Bird and insect (2) code knock tired? Let's have a passage.

  • ######Hello, I'm the rookie again.
  • This time, I watched the case of knowing the big guy crawling the Encyclopedia of sniffing things. I crawled down to dig the Duan subnet to share it.
  • Tired of coding? Climb a few paragraphs, paragraph five minutes code two hours.
'''
    //According to the great God of knowledge

    //Code Author: Gao Jiale

'''
import re                         ##Import re Library
import requests                   ##Import requests
import time                       ##Import time
#from bs4 import BeautifulSoup    ##Import bs4
##Define a class to remove space
class Tool():                     ##Define a class that removes spaces
    def replace(self,html):       ##Method, with two parameters
        html = re.sub(re.compile('<br/>|<br />','',html))  ##html=re.sub is a replacement function, and re.compile is a regular expression.
        return html

class Spider(object):                                      ##Define a class named reptile
    ##Initialization method
    def __init__(self):                                     ##Initialization
        self.url = 'http://www.waduanzi.com/'               ##His url is the front page, because the back is the front page plus numbers
        self.tool = Tool()                                  ##His tool is clear space

    ##Define a method to send a request
    def Request(self,getUrl):                               ##Define the request method.
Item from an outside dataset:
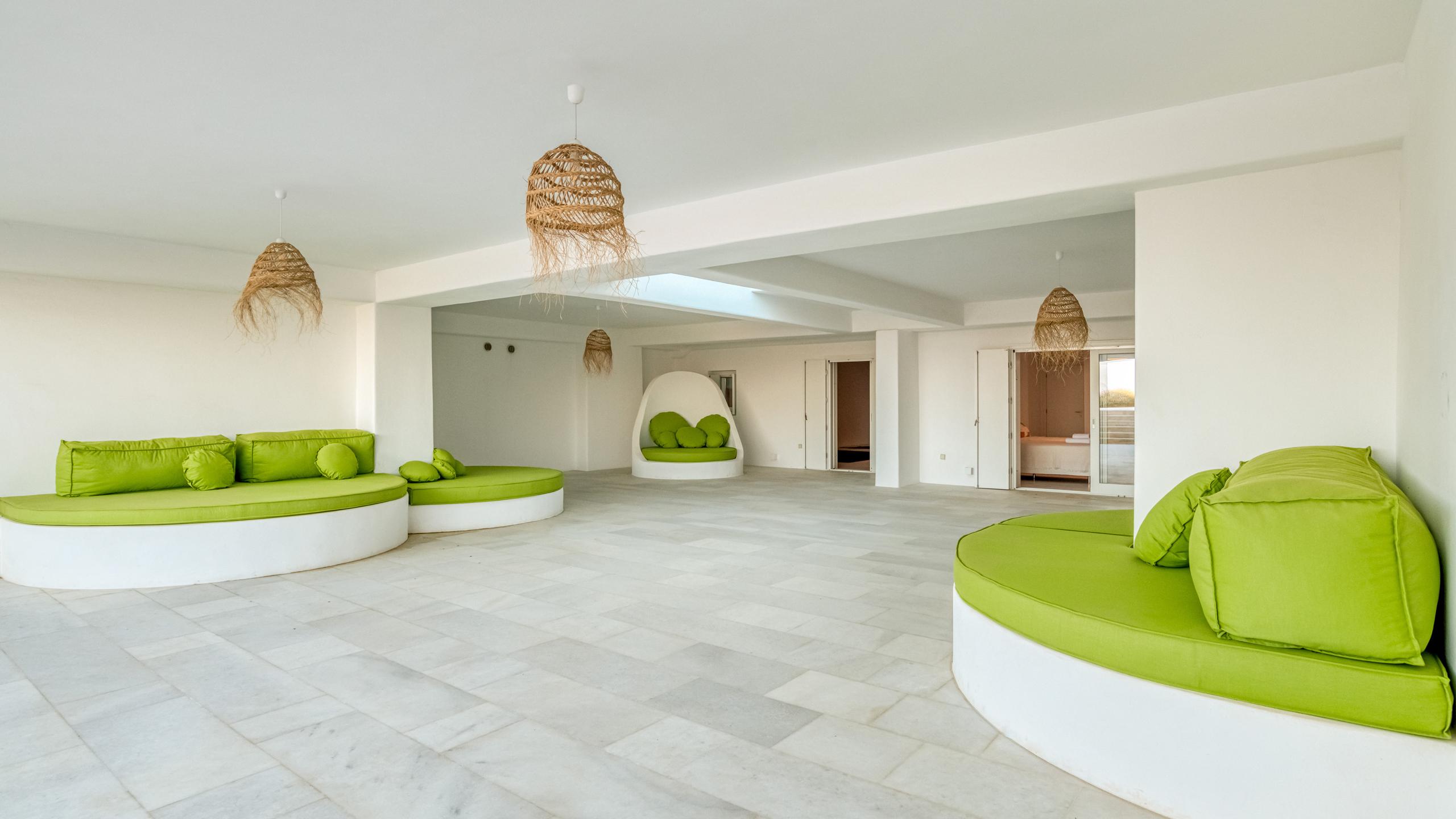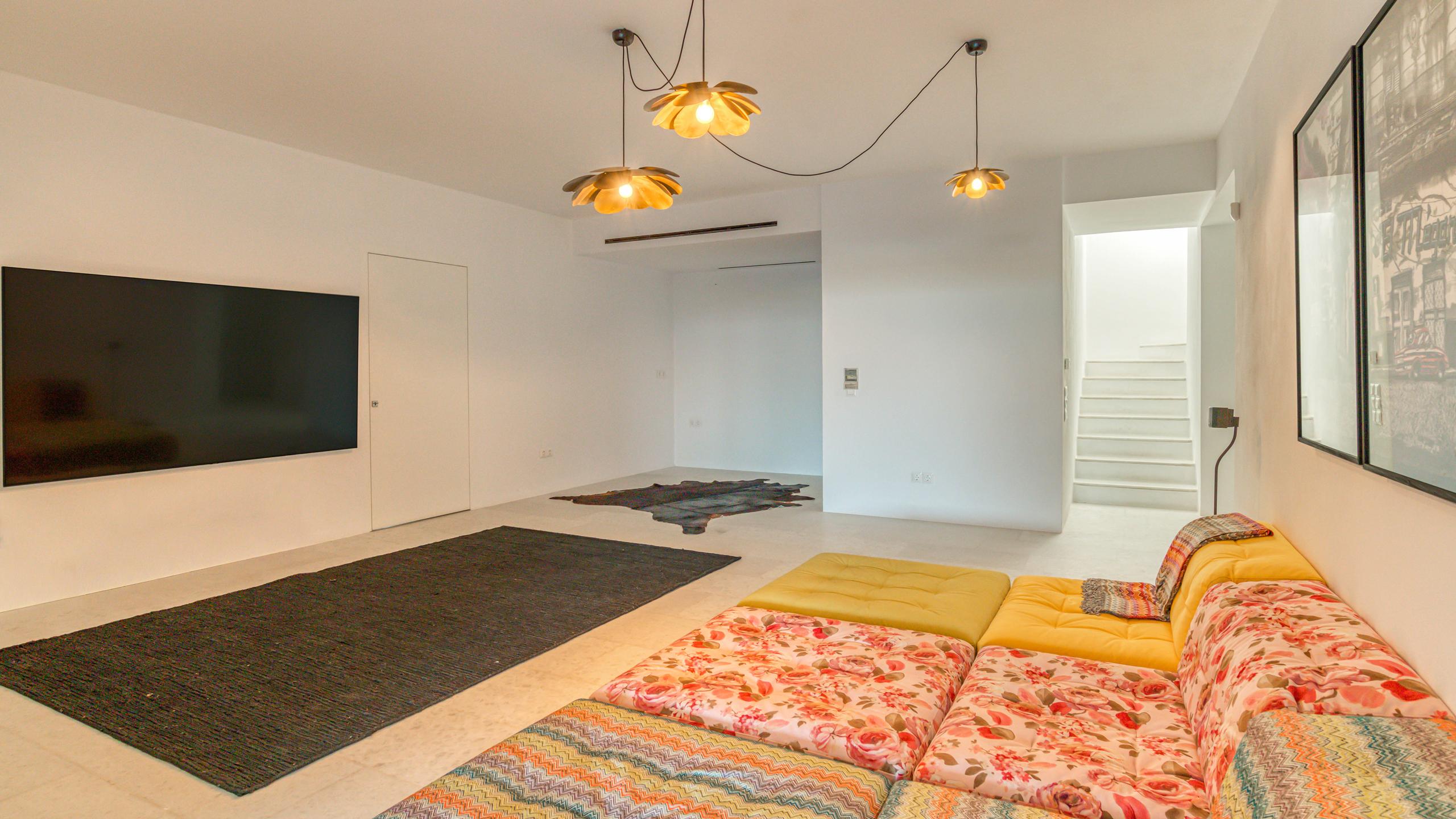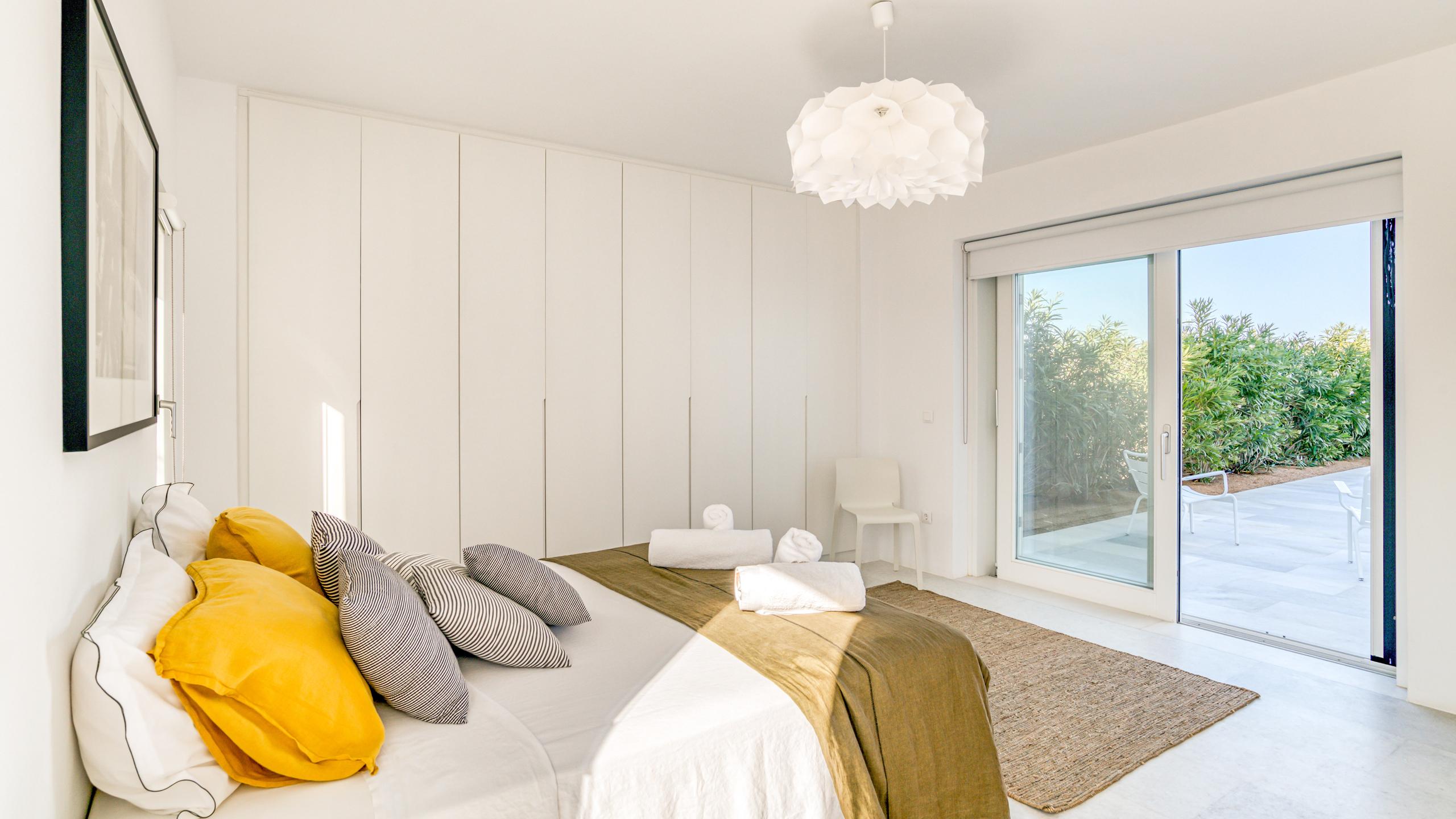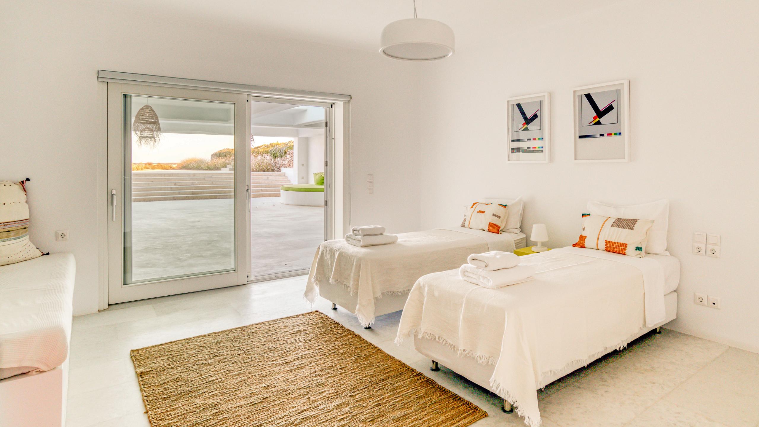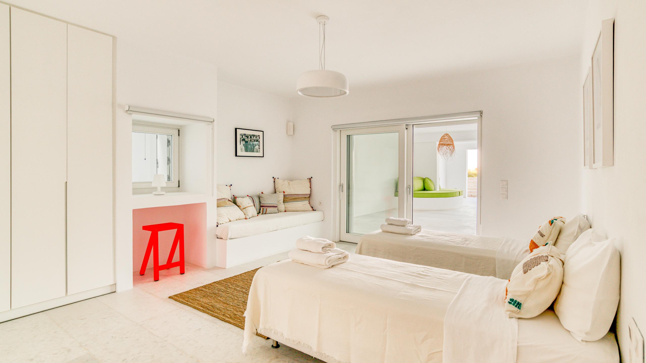 Inside, the atmosphere is relaxed, minimalist, and inviting at once, with white tones dominating the spaces, enhanced by carefully chosen furnishings and artworks that add character. Large French doors open to the outside both in the common areas and in the comfortable bedrooms, which are spread across the villa’s three levels.

The parameter is geturl
        html = requests.get(getUrl)                         ##html is the address of the request parameter
        html_text = html.text                               ##html_text is after html text
        return html_text                                    ##Return his text format

    ##Define a way to get exact bytes
    def Obtain(self,obtain):                                ##Define the Obtain method with two parameters
        html_text = self.Request(obtain)                    ##html_text is his parameter, the text returned from the previous method
        ##Below is the definition of a regular expression. OK, I admit, I'm not familiar with this expression. I've matched it for a while. I watched Google match it successfully, and other browser properties will run.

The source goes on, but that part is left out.